→ Activity:
Transcribe the listing verbatim. Do not carry over any pictures.

→ Data shown:
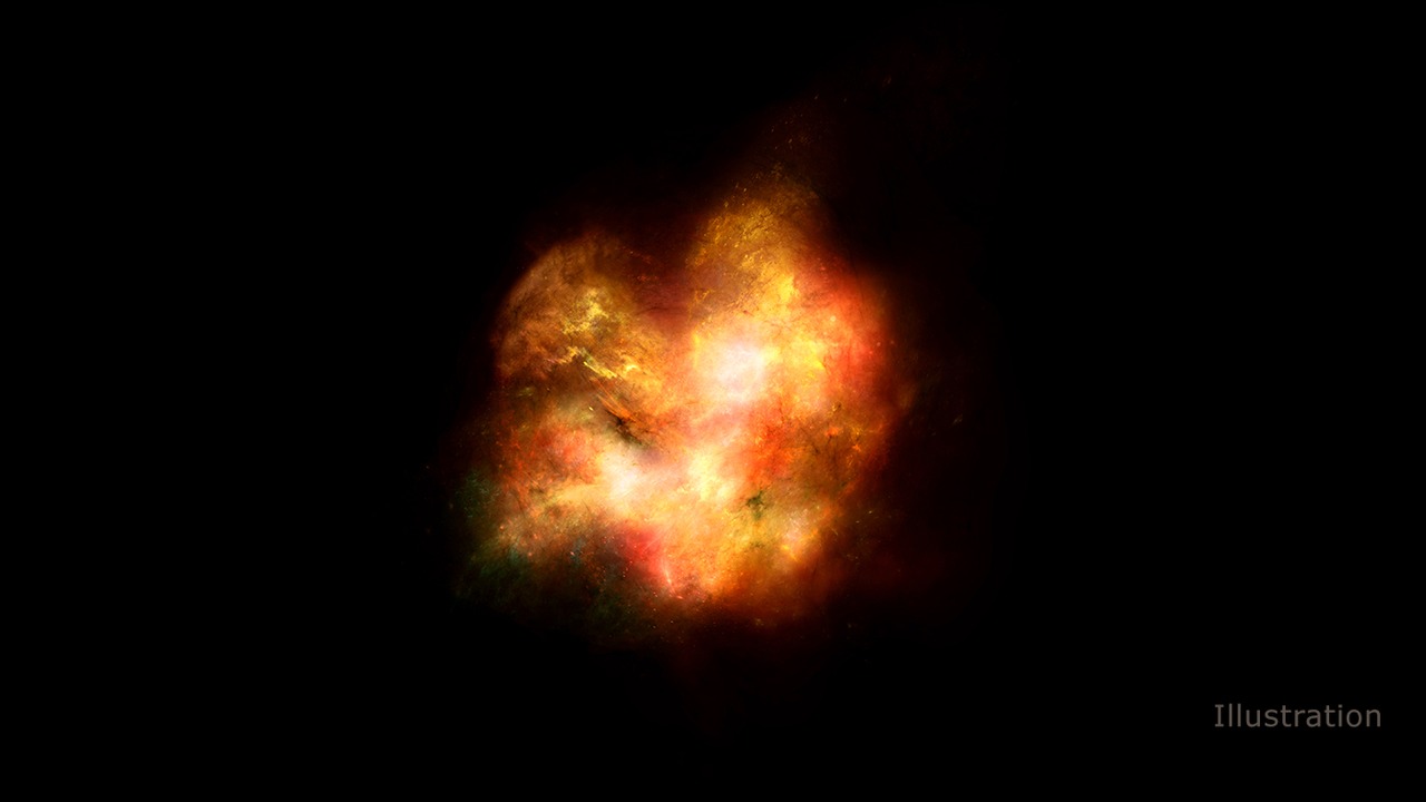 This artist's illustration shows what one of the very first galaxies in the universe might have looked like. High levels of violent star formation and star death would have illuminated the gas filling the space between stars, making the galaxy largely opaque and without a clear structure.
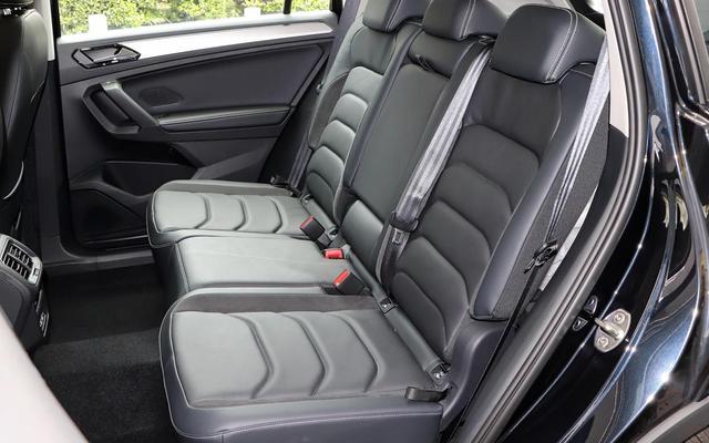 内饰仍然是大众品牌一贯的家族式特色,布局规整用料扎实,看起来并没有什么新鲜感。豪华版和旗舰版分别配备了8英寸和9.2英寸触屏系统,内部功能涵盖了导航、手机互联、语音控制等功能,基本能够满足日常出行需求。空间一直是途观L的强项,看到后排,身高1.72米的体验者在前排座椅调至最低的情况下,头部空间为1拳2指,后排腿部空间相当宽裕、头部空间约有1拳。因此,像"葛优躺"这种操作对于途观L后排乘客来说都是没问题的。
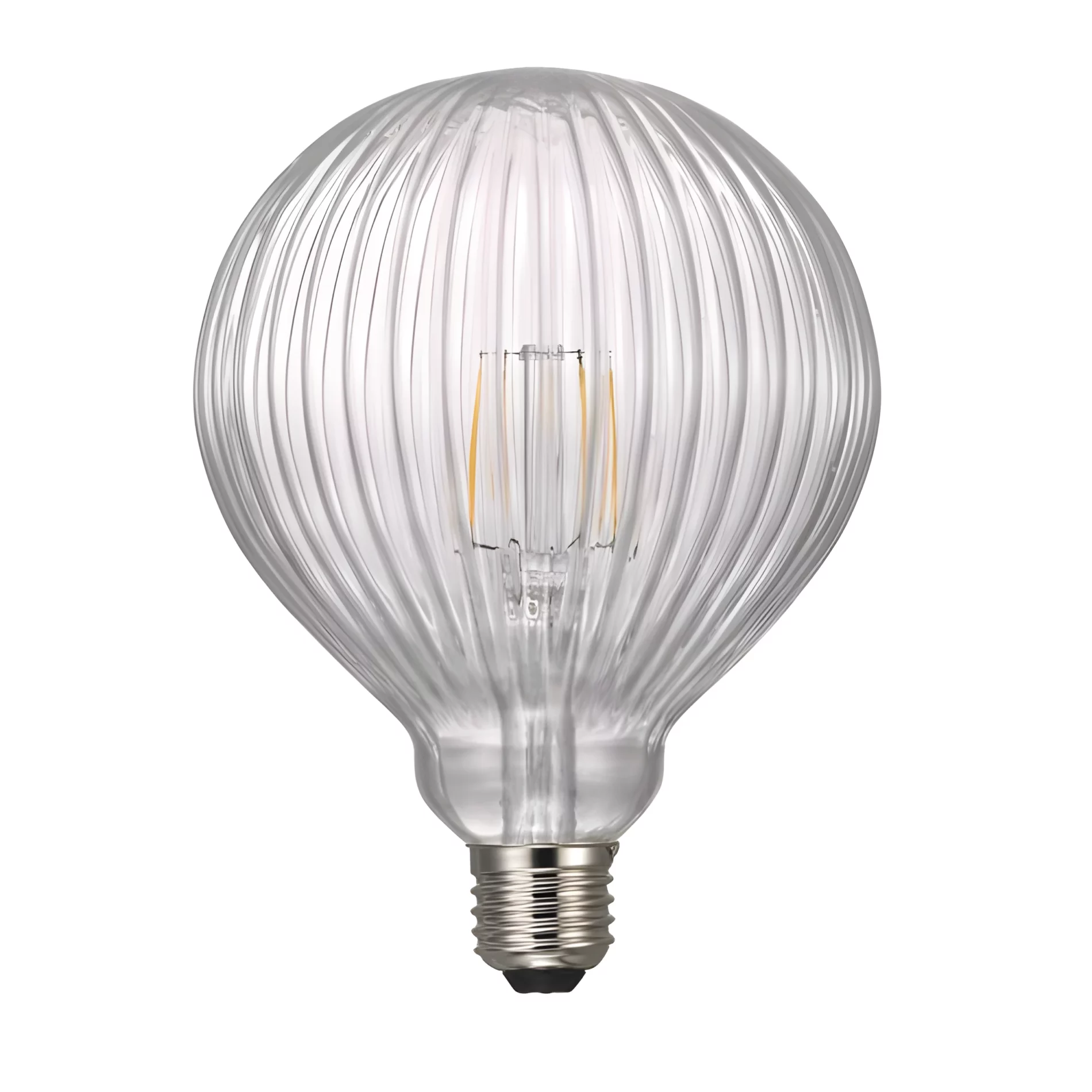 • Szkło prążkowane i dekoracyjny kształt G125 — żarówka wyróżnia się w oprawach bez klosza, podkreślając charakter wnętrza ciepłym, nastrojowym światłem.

→ Answer space:
 This artist's illustration shows what one of the very first galaxies in the universe might have looked like. High levels of violent star formation and star death would have illuminated the gas filling the space between stars, making the galaxy largely opaque and without a clear structure.
 内饰仍然是大众品牌一贯的家族式特色,布局规整用料扎实,看起来并没有什么新鲜感。豪华版和旗舰版分别配备了8英寸和9.2英寸触屏系统,内部功能涵盖了导航、手机互联、语音控制等功能,基本能够满足日常出行需求。空间一直是途观L的强项,看到后排,身高1.72米的体验者在前排座椅调至最低的情况下,头部空间为1拳2指,后排腿部空间相当宽裕、头部空间约有1拳。因此,像"葛优躺"这种操作对于途观L后排乘客来说都是没问题的。
 • Szkło prążkowane i dekoracyjny kształt G125 — żarówka wyróżnia się w oprawach bez klosza, podkreślając charakter wnętrza ciepłym, nastrojowym światłem.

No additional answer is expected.